**Exercise prompt:** Reproduce the entries below exactly, but only from the line containing "SERVICE SPECIFICATIONS: 1GR-FE" to the line containing "Napoli were only", inclusive.

**Records shown:**
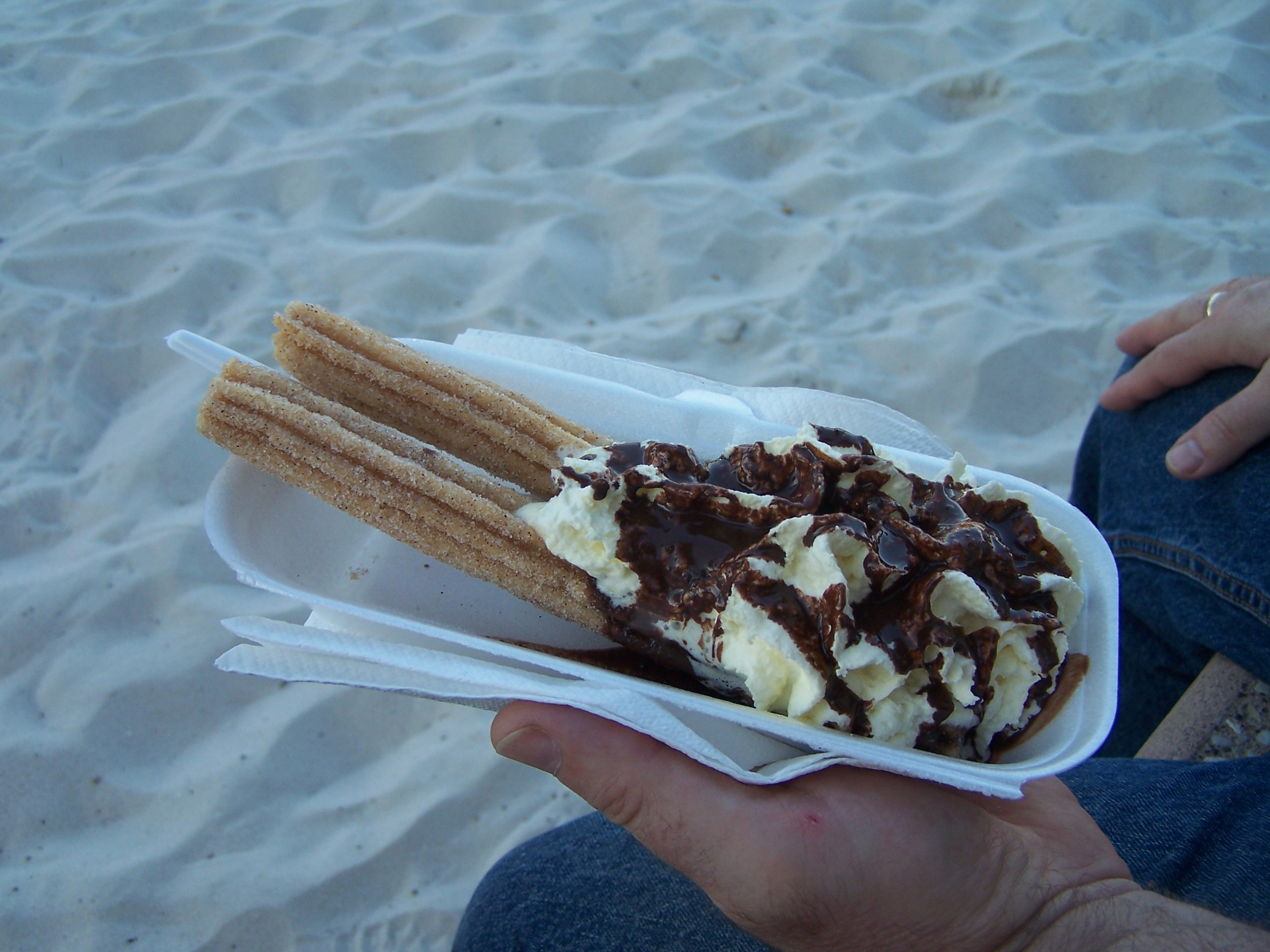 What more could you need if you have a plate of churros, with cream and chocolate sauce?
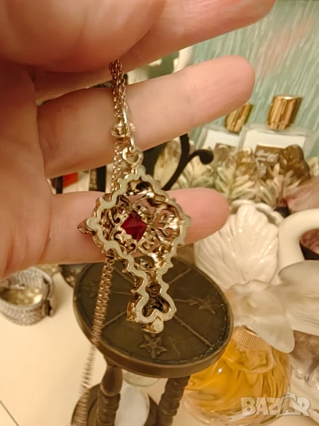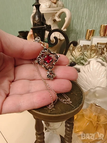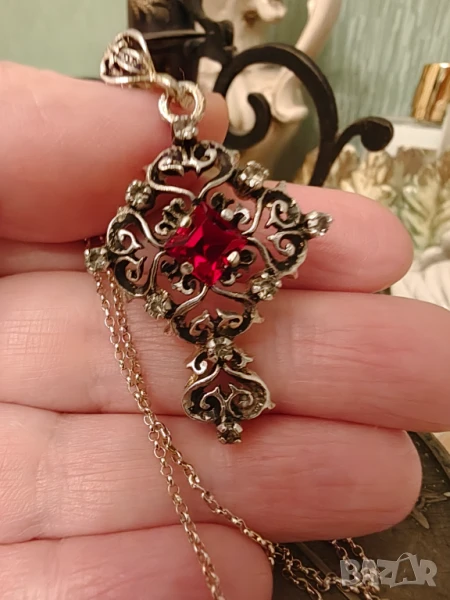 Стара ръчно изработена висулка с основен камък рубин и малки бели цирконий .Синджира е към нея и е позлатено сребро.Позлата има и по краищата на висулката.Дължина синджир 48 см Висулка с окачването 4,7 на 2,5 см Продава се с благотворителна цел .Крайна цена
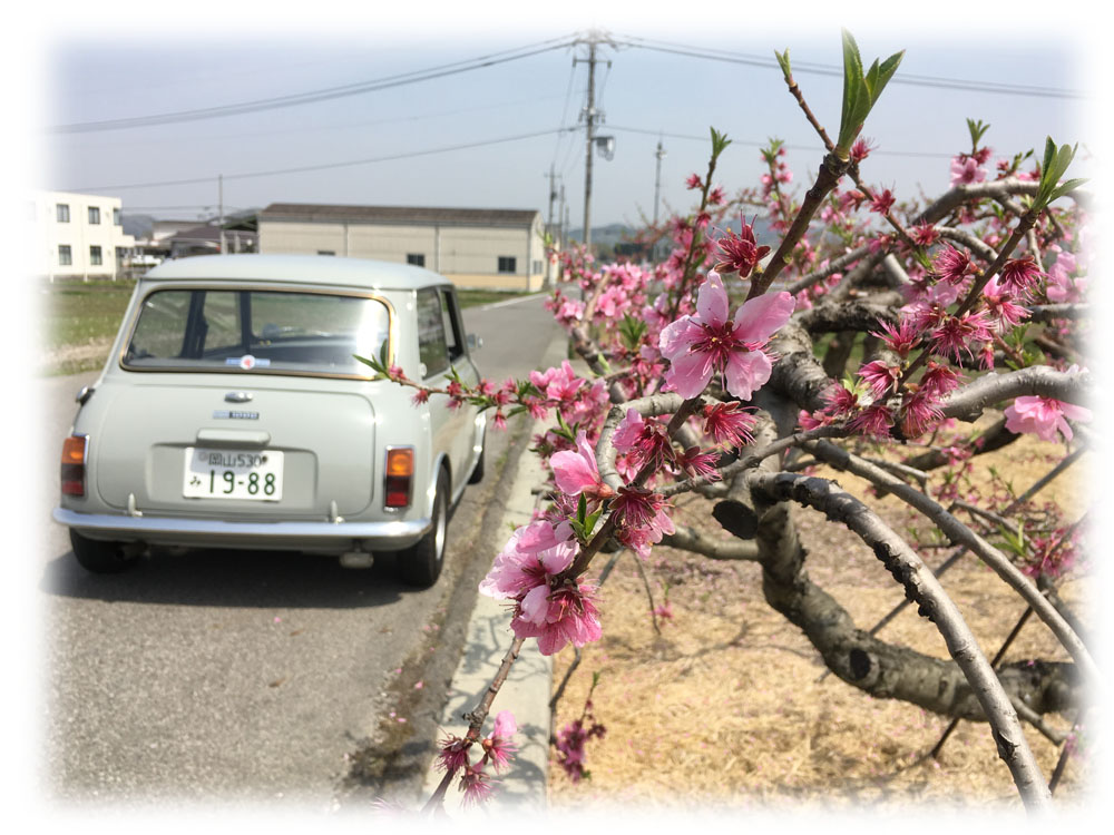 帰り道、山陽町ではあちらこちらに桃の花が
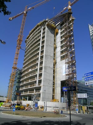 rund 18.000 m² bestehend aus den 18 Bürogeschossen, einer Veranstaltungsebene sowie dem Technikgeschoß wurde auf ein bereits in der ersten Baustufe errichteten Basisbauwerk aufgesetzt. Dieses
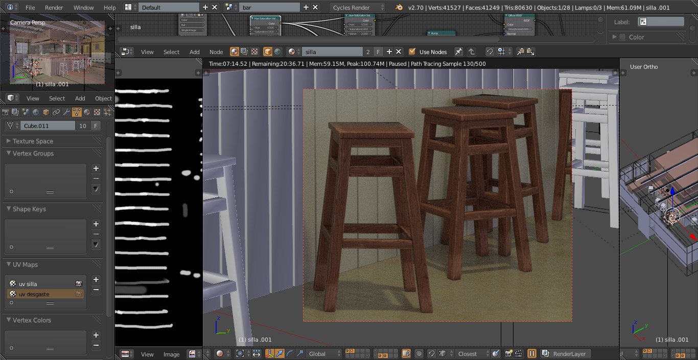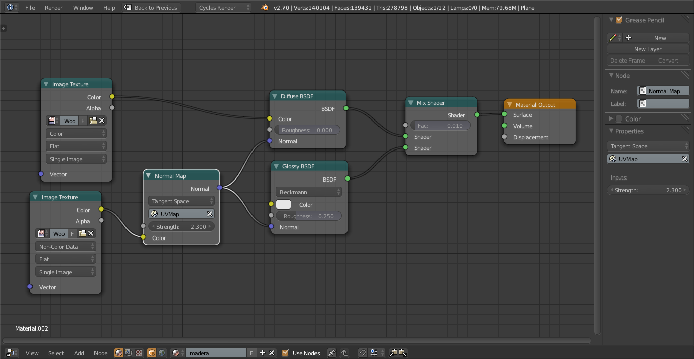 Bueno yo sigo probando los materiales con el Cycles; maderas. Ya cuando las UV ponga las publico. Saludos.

* * *

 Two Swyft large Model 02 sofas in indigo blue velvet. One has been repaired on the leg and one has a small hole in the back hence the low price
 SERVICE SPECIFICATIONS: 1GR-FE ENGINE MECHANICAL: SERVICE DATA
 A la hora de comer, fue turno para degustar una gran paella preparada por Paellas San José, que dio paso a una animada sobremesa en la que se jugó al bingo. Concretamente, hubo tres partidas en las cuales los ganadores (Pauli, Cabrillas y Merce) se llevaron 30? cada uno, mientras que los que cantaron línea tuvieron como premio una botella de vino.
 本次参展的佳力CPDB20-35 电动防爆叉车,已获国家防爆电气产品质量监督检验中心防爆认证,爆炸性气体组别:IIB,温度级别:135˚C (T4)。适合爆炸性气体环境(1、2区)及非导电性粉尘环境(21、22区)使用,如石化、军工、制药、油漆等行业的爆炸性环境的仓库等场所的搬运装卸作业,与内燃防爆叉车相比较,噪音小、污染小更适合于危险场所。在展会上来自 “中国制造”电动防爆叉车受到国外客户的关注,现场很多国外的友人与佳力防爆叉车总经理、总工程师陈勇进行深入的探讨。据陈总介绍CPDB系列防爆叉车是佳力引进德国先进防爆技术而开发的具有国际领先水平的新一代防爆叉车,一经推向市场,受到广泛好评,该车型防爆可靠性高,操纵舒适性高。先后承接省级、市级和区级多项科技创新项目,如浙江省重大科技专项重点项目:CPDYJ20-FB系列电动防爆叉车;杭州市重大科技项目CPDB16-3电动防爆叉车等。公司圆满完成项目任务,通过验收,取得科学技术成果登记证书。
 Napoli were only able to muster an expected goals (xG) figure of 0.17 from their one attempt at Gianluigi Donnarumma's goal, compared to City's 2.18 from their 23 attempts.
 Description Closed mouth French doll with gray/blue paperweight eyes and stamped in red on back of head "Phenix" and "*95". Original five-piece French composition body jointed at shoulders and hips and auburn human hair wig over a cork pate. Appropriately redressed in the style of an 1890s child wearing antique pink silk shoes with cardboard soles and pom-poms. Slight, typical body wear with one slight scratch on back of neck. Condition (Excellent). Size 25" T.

**Exercise answer:**
 SERVICE SPECIFICATIONS: 1GR-FE ENGINE MECHANICAL: SERVICE DATA
 A la hora de comer, fue turno para degustar una gran paella preparada por Paellas San José, que dio paso a una animada sobremesa en la que se jugó al bingo. Concretamente, hubo tres partidas en las cuales los ganadores (Pauli, Cabrillas y Merce) se llevaron 30? cada uno, mientras que los que cantaron línea tuvieron como premio una botella de vino.
 本次参展的佳力CPDB20-35 电动防爆叉车,已获国家防爆电气产品质量监督检验中心防爆认证,爆炸性气体组别:IIB,温度级别:135˚C (T4)。适合爆炸性气体环境(1、2区)及非导电性粉尘环境(21、22区)使用,如石化、军工、制药、油漆等行业的爆炸性环境的仓库等场所的搬运装卸作业,与内燃防爆叉车相比较,噪音小、污染小更适合于危险场所。在展会上来自 “中国制造”电动防爆叉车受到国外客户的关注,现场很多国外的友人与佳力防爆叉车总经理、总工程师陈勇进行深入的探讨。据陈总介绍CPDB系列防爆叉车是佳力引进德国先进防爆技术而开发的具有国际领先水平的新一代防爆叉车,一经推向市场,受到广泛好评,该车型防爆可靠性高,操纵舒适性高。先后承接省级、市级和区级多项科技创新项目,如浙江省重大科技专项重点项目:CPDYJ20-FB系列电动防爆叉车;杭州市重大科技项目CPDB16-3电动防爆叉车等。公司圆满完成项目任务,通过验收,取得科学技术成果登记证书。
 Napoli were only able to muster an expected goals (xG) figure of 0.17 from their one attempt at Gianluigi Donnarumma's goal, compared to City's 2.18 from their 23 attempts.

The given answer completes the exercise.